Habbinga war einer von insgesamt fünf ehemaligen Trainern des VC, die sich die Partie gegen Windeck in der Halle am Parkhof anschauten und auf der Tribüne munter über das Geschehen auf dem Feld fachsimpelten. Während Habbinga in Stephan Drews einen interessierten und offensichtlich gleichgesinnten Gesprächspartner gefunden hatte,  verfolgten Markus Jahns, Andreas Buschen und Franz Hüsen das Spiel alleine und dürften sich trotzdem so ihre Gedanken zu einer Partie gemacht haben, in der die Gastgeber loslegten wie die Feuerwehr und sich nach dem ersten Satz schon sicher auf der Siegerstraße wähnten.

Doch dann passierte das, was Habbinga als Leitmantra des Volleyballsports ausgemacht hatte: Während die Gäste aus Windeck einen soliden Stiefel abspulten, produzierten die Ratheimer im zweiten und dritten Durchgang so viele Eigenfehler in Annahme, Zuspiel, Angriff und Abwehr, dass der starke Aufsteiger kaum Mühe mit seinem verunsicherten Gegner hatte. Erst in der Pause beim Seitenwechsel zum vierten Satz fanden die Hausherren offensichtlich die richtigen Worte, um sich noch einmal auf die Partie einzuschwören. „Wir haben da gegenseitig an unseren Stolz appelliert“, sagt VC-Libero Markus Becker, „und nochmal zum Angriff geblasen.“

Mit Erfolg: Denn der vierte Durchgang entwickelte sich zum hochklassigsten Satz der Partie, was vor allem daran lag, dass die VC-Akteure weniger Fehler produzierten und sich wieder Sicherheit in den einzelnen Spielelementen erarbeiteten. Die Annahme hielt dem Druck der platzierten Aufschläge der Windecker stand, Zuspieler Marcel Steffens fand zur gewohnten Routine im Angriffsaufbau zurück, so dass auch die Angreifer endlich wieder zu Punkten kamen.
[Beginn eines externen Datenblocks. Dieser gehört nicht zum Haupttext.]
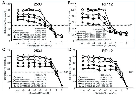 In addition to inhibiting cell viability, we proved in this study that Ad-shRRM1 can increase cell sensitivity to GEM. Ad-shRRM1 inhibited the 253J and RT112 cell proliferation in a dose-dependent manner. The cell viability was 86.9 ± 1.2%, 77.5 ± 3.5% and 68.2 ± 1.6% for the 253J infected with Ad-shRRM1 at 5, 10, and 20 MOI 4 day after infection (Figure 6A). The cell viability was 87.7 ± 1.5%, 74.6 ± 4.1% and 58.0 ± 0.7% for RT112 cell infected with Ad-shRRM1 at 5, 10, and 20 MOI 4 day after infection (Figure 6B). Double increase in Ad-shRRM1 exposure resulted about 9% and 12% cell inhibition for 253J and RT112 cell respectively. When in combination with GEM treatment, in case of Ad-shRRM1 exposure at MOI of 20, the sensitivity to GEM (IC50) increased significantly and was 27.5 times higher in 253J cell and 7712 times higher in RT112 cell (Figure 6A,B). On the other hand, no such changes in IC50 were observed in the CDDP treatment groups (Figure 6C,D). Combination therapy with Ad-shRRM1 and GEM specifically induces a synergistic cytotoxicity in RRM1-expressing bladder cancer cells and could achieve the same effect with a reduced dosage of either one of the individual drugs. This would be beneficial in clinical application, as it could result in reduced side-effects experienced by patients.
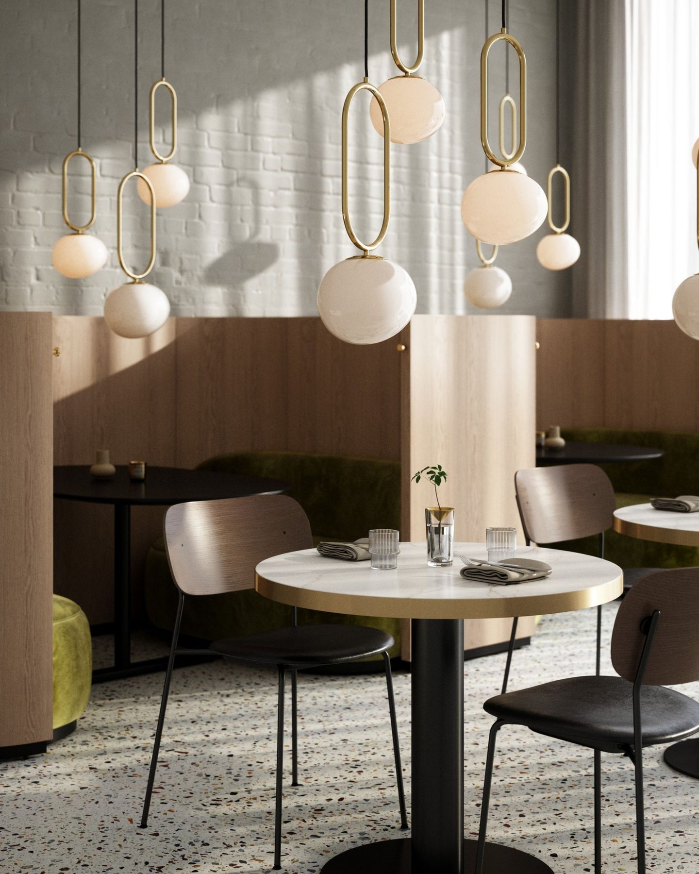 Frosted Tubular Brass Suspended Pendant 3 Light variant in a changing room
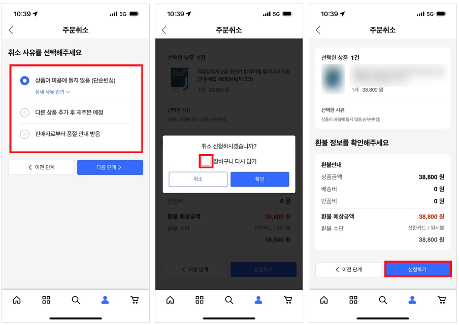 그리고 [확인] 버튼을 누르면 다음 화면에서 주문 취소를 위한 환불정보를 확인하게 됩니다. 여기서 별다른 문제가 없다면 아래에 [신청하기] 버튼을 눌러 주문 취소를 신청합니다.
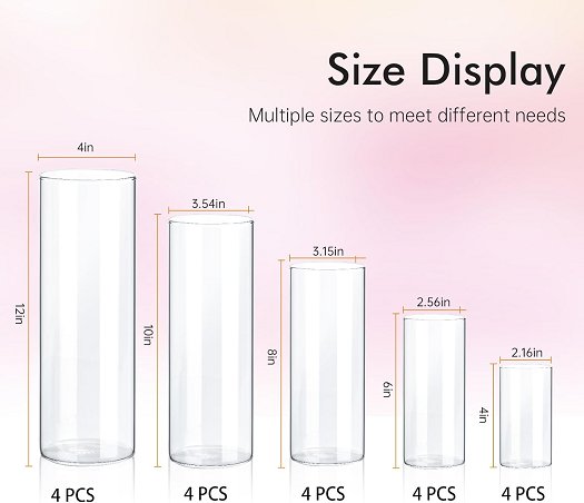 20PC Fgail Glass Vases for Centerpieces - 4"/6"/8"10"/12" - CLEAR

Windeck seinerseits überzeugte vor allem in der Abwehr. „Es war schier unglaublich, an welche Bälle die noch irgendwie einen Finger bekamen“, zollte Ratheims Abwehrspezialist Markus Becker dem Gegner seinen Respekt. Dennoch schaffte der VC den Satzausgleich und sicherte sich damit schon mal einen Punkt.

Und bei dem sollte es auch bleiben: Nach einem guten Start in den Tiebreak mit einer 2:0-Führung geriet der VC schnell ins Hintertreffen, lag zum Seitenwechsel bereits mit 5:8 zurück und konnte diesen Rückstand auch nicht mehr aufholen.